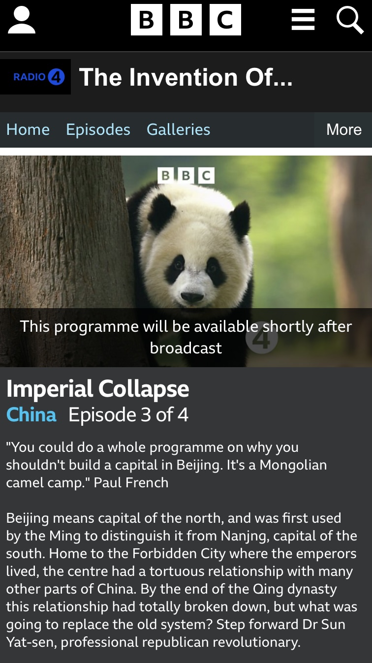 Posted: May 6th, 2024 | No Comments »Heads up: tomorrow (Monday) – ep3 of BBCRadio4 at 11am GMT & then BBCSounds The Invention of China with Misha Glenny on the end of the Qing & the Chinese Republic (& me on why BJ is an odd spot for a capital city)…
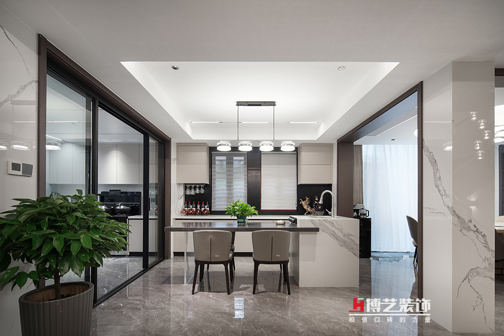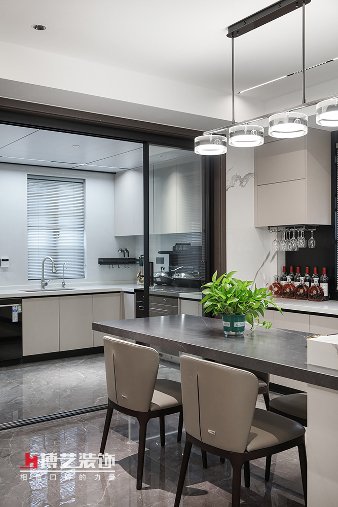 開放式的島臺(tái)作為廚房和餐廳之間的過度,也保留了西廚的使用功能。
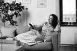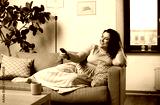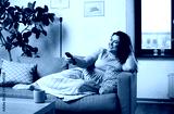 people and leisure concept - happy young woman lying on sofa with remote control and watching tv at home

* * *

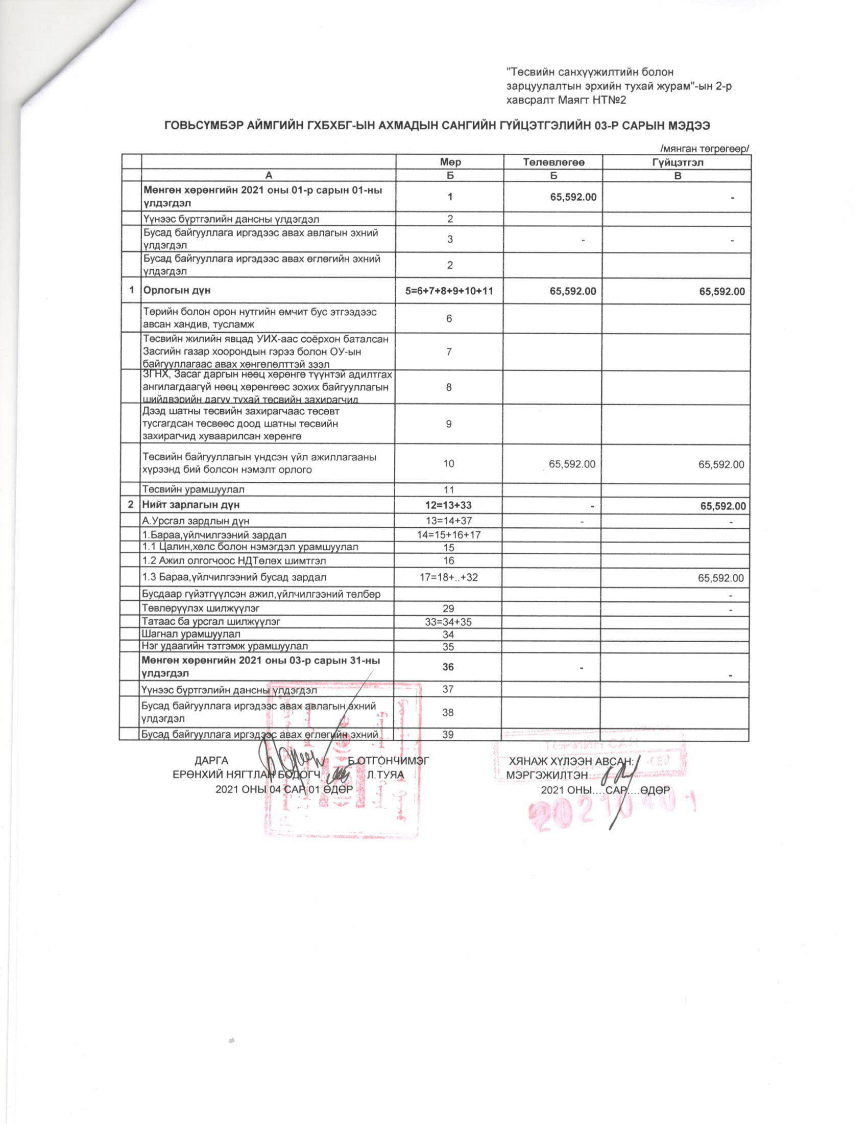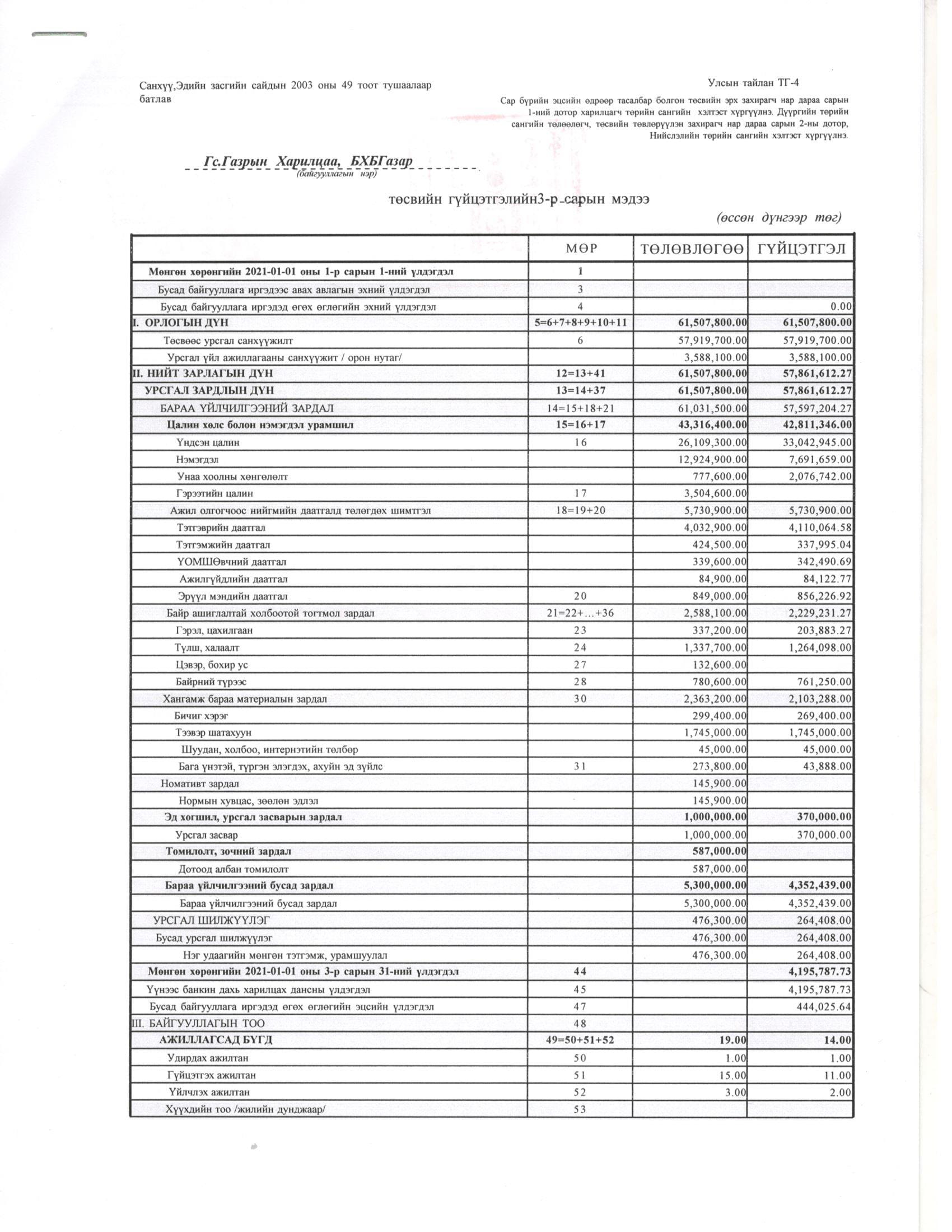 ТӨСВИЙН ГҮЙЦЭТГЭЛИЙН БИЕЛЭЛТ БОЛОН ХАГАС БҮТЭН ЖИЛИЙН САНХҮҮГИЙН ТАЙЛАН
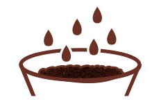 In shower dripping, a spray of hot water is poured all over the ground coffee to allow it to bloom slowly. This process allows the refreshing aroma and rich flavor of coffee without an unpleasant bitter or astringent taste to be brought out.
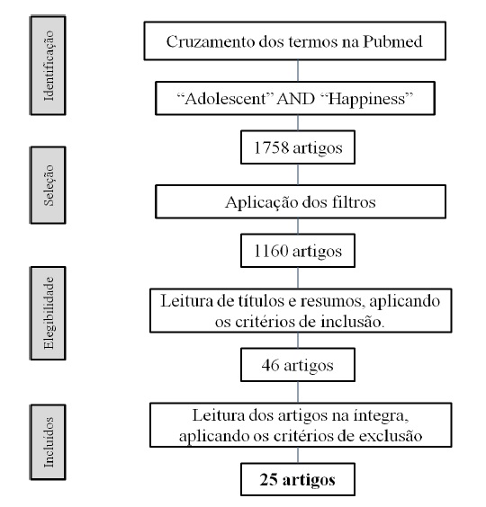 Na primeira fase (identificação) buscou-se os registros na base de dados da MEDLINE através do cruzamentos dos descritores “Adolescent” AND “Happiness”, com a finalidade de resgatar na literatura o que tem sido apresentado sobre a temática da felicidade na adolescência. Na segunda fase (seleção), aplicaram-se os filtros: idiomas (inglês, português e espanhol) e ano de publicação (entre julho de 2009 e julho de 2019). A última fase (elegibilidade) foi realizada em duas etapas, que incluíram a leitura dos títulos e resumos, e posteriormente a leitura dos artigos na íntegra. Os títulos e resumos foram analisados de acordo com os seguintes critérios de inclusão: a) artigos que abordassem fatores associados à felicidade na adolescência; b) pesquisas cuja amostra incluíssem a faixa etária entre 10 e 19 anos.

TASK INSTRUCTIONS: Above are the records; restate exactly the lines from the one containing "ТӨСВИЙН ГҮЙЦЭТГЭЛИЙН БИЕЛЭЛТ" through the one containing "Na primeira fase", keeping pictures out.

EXPECTED OUTPUT:
 ТӨСВИЙН ГҮЙЦЭТГЭЛИЙН БИЕЛЭЛТ БОЛОН ХАГАС БҮТЭН ЖИЛИЙН САНХҮҮГИЙН ТАЙЛАН
 In shower dripping, a spray of hot water is poured all over the ground coffee to allow it to bloom slowly. This process allows the refreshing aroma and rich flavor of coffee without an unpleasant bitter or astringent taste to be brought out.
 Na primeira fase (identificação) buscou-se os registros na base de dados da MEDLINE através do cruzamentos dos descritores “Adolescent” AND “Happiness”, com a finalidade de resgatar na literatura o que tem sido apresentado sobre a temática da felicidade na adolescência. Na segunda fase (seleção), aplicaram-se os filtros: idiomas (inglês, português e espanhol) e ano de publicação (entre julho de 2009 e julho de 2019). A última fase (elegibilidade) foi realizada em duas etapas, que incluíram a leitura dos títulos e resumos, e posteriormente a leitura dos artigos na íntegra. Os títulos e resumos foram analisados de acordo com os seguintes critérios de inclusão: a) artigos que abordassem fatores associados à felicidade na adolescência; b) pesquisas cuja amostra incluíssem a faixa etária entre 10 e 19 anos.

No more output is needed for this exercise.